In Samantha DeFlitch's terrific debut Pittsburgh is a liminal ghost world made a place of transformation and possibility by way of exile and loneliness. Only Pittsburgh can be more than Pittsburgh, as Jack Gilbert taught us. DeFlitch has taken the lesson to heart.


—David Rivard, author of Standoff

Throughout Confluence, DeFlitch reminds us of how we all try to make sense of and come to peace with things far out of our control. She teaches us how to appreciate the lessons that come with each season of recovery and transition, and how something as innocent as peeling an orange or watching a bird can hold the depth of epiphany. 


—Emily DeYoung, review in Sundress

There is something magical about the way Samantha DeFlitch has stitched the poems in Confluence together. The repetition of certain words—especially “old,” “dog,” and “woman”—throughout the book give the feeling of a series of ghazals pulled apart and then gently woven into the manuscript. As a result, poems call to each other in a way reminiscent of the couplets of a ghazal.

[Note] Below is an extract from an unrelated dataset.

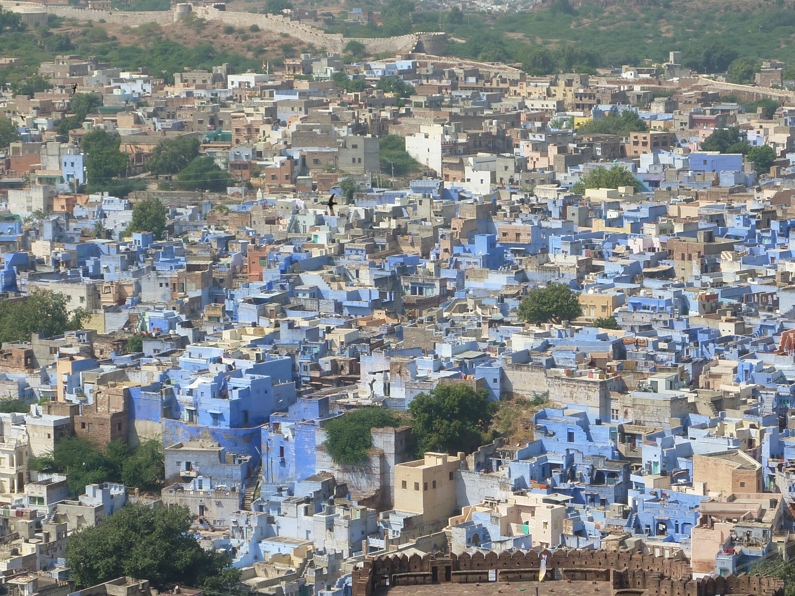 Na de rode- en de gouden stad verbleven we vervolgens in de blauwe stad Jodpur. die schijnt zo blauw geworden te zijn door gebruik van een bepaalde pesticide om de termieten te bestrijden. Er wordt echter ook verteld dat in al die blauwe huizen brahmanen wonen: de kaste van de priesters oftewel de hoogste kaste!

—Kathy Davis, review on website

At the most basic level, the title describes the confluence of rivers around Pittsburgh. But, of course, "confluence" is a perfect natural metaphor for all the things that come together to make up an imagination, a soul. This is typical of DeFlitch's genius (and I think I am going to stick with that word for this writer). She is able to find the powerful natural metaphors—or lately I've been thinking I should use the word "symbols" instead; it seems to carry something of the visceral quality that I don't hear in "metaphor."